Saturday, July 6, 2013

It's Kate Morton's Fault

In the Biblical parable about talents, where talents are a monetary unit, people are questioned and assessed as to how they used the talents they had been given.  Did they invest well?  Did they increase their original bestowal?  Or did they bury their gifts in the ground fearful of losing what they had?

In most modern interpretations, talents become actual talents and we are expected to increase and illuminate our gifts.  So, for the record, here's my future answer to the assigned assessor concerning how I did.

           "What were your talents, Pamela?"
       
           "Working with kids and writing."

           "That's it?"

           "Hey, we were told it didn't matter how many we were given."

           "Oh, yes, that's right.  So, what did you do with them?"

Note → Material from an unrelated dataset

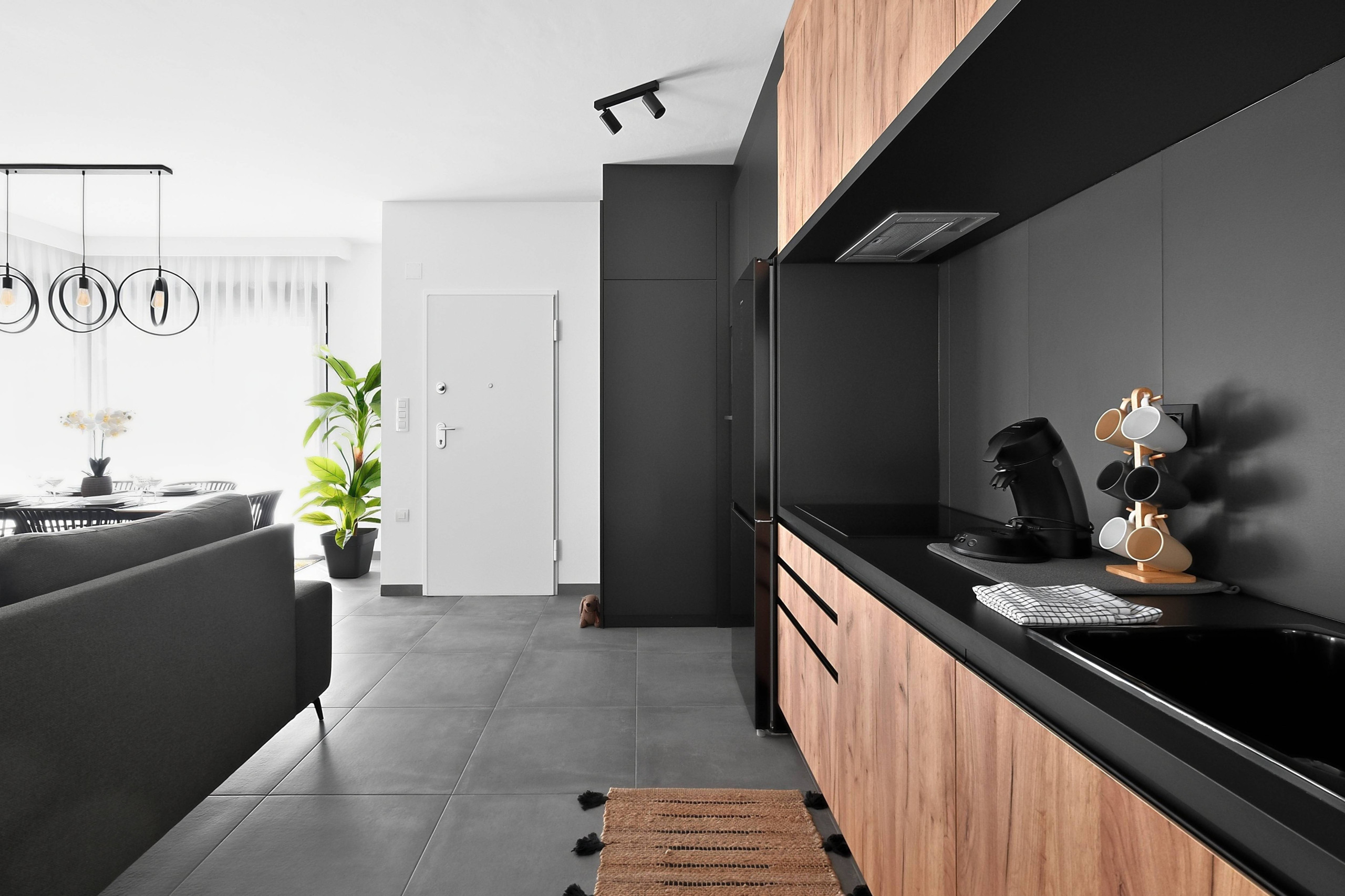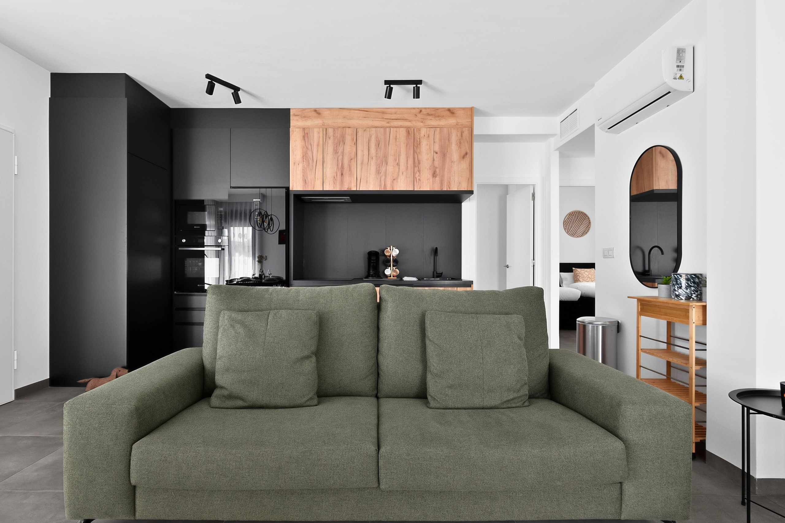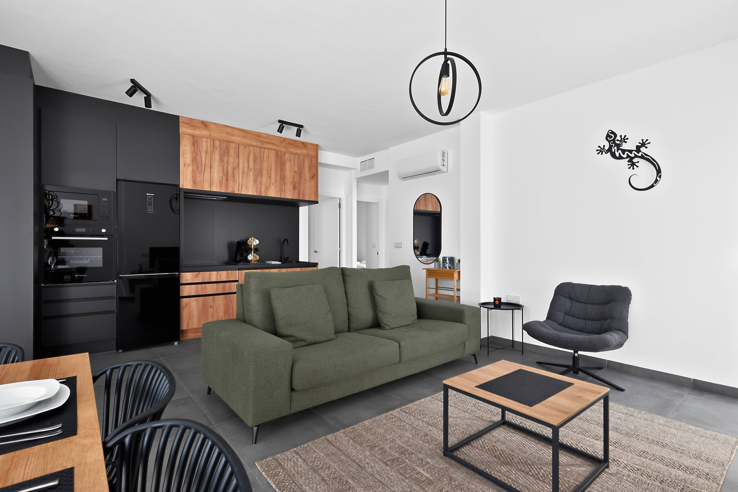 La cocina americana está totalmente equipada con electrodomésticos modernos, incluyendo nevera, congelador, lavavajillas, horno, microondas, cafetera, tostadora, y una amplia variedad de utensilios de cocina. Además, cuenta con conexión WiFi y televisión con canales en español.

           Sensing how this discussion is going to end, I begin strong, "I started teaching developmentally delayed preschoolers when I was in high school, graduated with a degree in Child Development in college, gave birth and did my best rearing four lovely children and  later did my best at grandmothering (which I know won't count because it was so much fun, but I went for it anyway), opened a private preschool, went back to school and received a teaching certificate, and then taught school, mostly middle-schoolers, I will add, hoping for extra credit, until  yesterday when I died."

           "Okay, not too bad."

           Great, I think, a former English teacher is my assessor.

           "How about the writing?"

            I know immediately that none of my paltry successes are going to impress this person, since they don't particularly impress me, so I go with the decision I made back in 2013.  "After reading one Kate Morton book and listening to a second, I decided I would rather read and reread her books than make any attempt to write again."

            "Oh, I completely understand.  Was The Forgotten Garden your first one?"

            "Yes, and then The Distant Hour."

            We then spend a lovely afternoon talking about how absolutely awesome Kate Morton's books are.